EXERCISE: I need every line from the start of the material below up to and including the line containing "去往達布達爾鄉(xiāng)", restated exactly, with the pictures omitted.

RAW DATA:
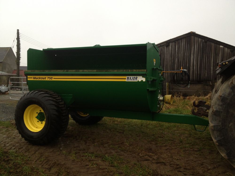 major side spreader The MAJOR 7.5 cubic yard capacity Muck-Out will handle both slurry and solid manure with a The main rotor runs on 2” bearings and is powered through a robust chain and sprocket drives set. All models are equipped with heat treated and case hardened flail chains which are anchored to the rotor. As standard a solid timber rail Depth Spreader chains provides protection from front end loading damage. The minimim HP requirement for the MAJOR Side Spreader is 50Hp.
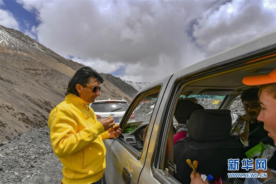 去往達布達爾鄉(xiāng)熱斯喀木村途中,塔縣文工團演員在吃干糧(6月5日攝)。新華社記者胡虎虎攝
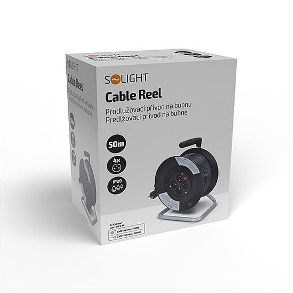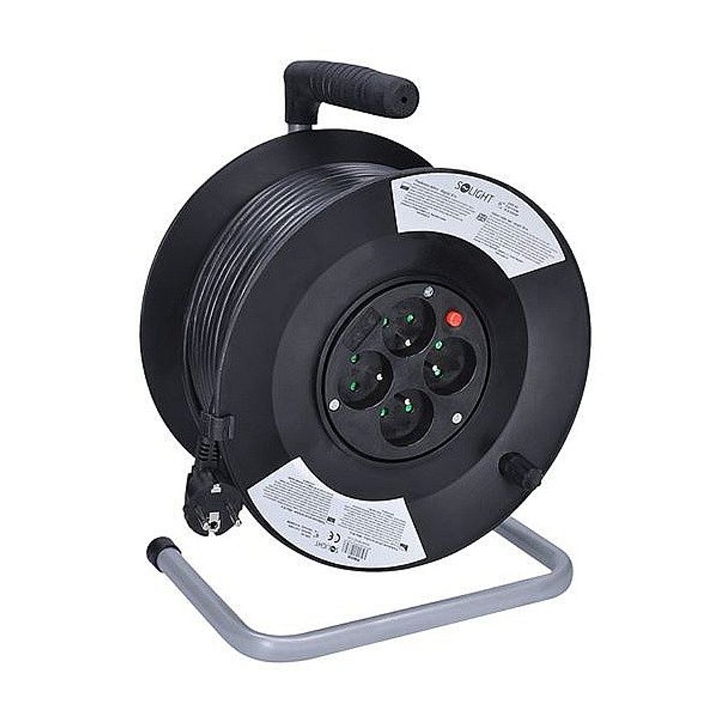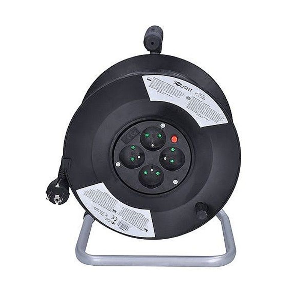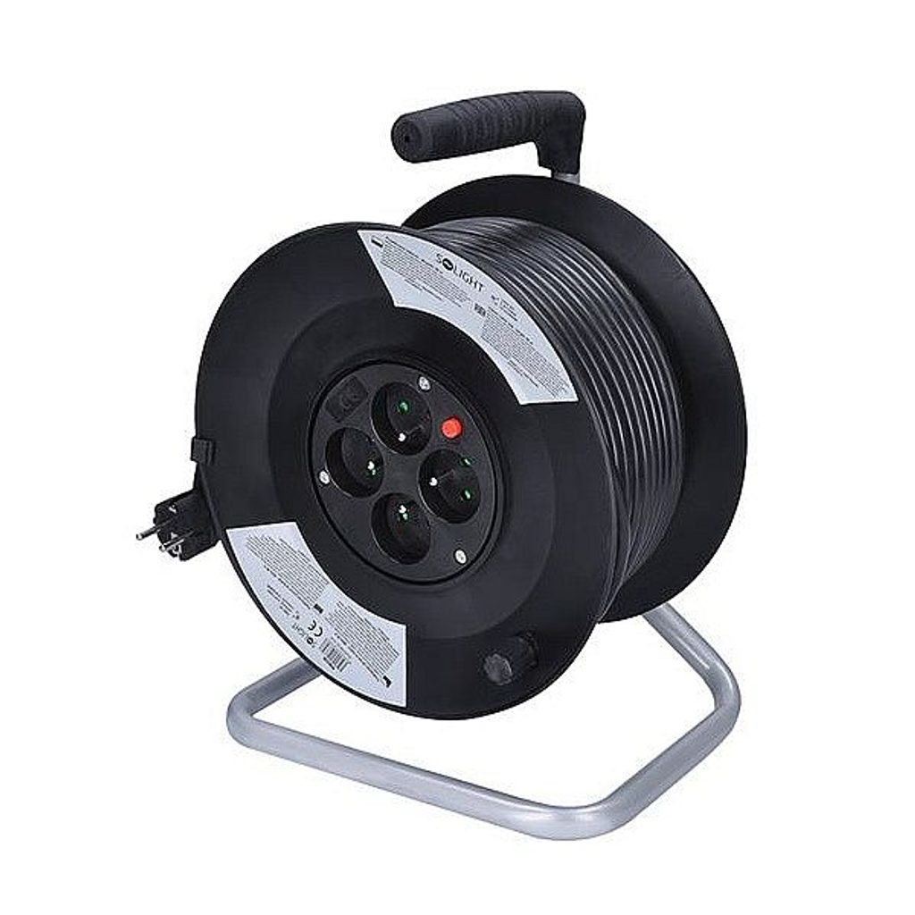 Prodlužovací kabel na bubnu o délce 50 m se 4 zásuvkami a tepelnou pojistkou.

RESPONSE BOX:
 major side spreader The MAJOR 7.5 cubic yard capacity Muck-Out will handle both slurry and solid manure with a The main rotor runs on 2” bearings and is powered through a robust chain and sprocket drives set. All models are equipped with heat treated and case hardened flail chains which are anchored to the rotor. As standard a solid timber rail Depth Spreader chains provides protection from front end loading damage. The minimim HP requirement for the MAJOR Side Spreader is 50Hp.
 去往達布達爾鄉(xiāng)熱斯喀木村途中,塔縣文工團演員在吃干糧(6月5日攝)。新華社記者胡虎虎攝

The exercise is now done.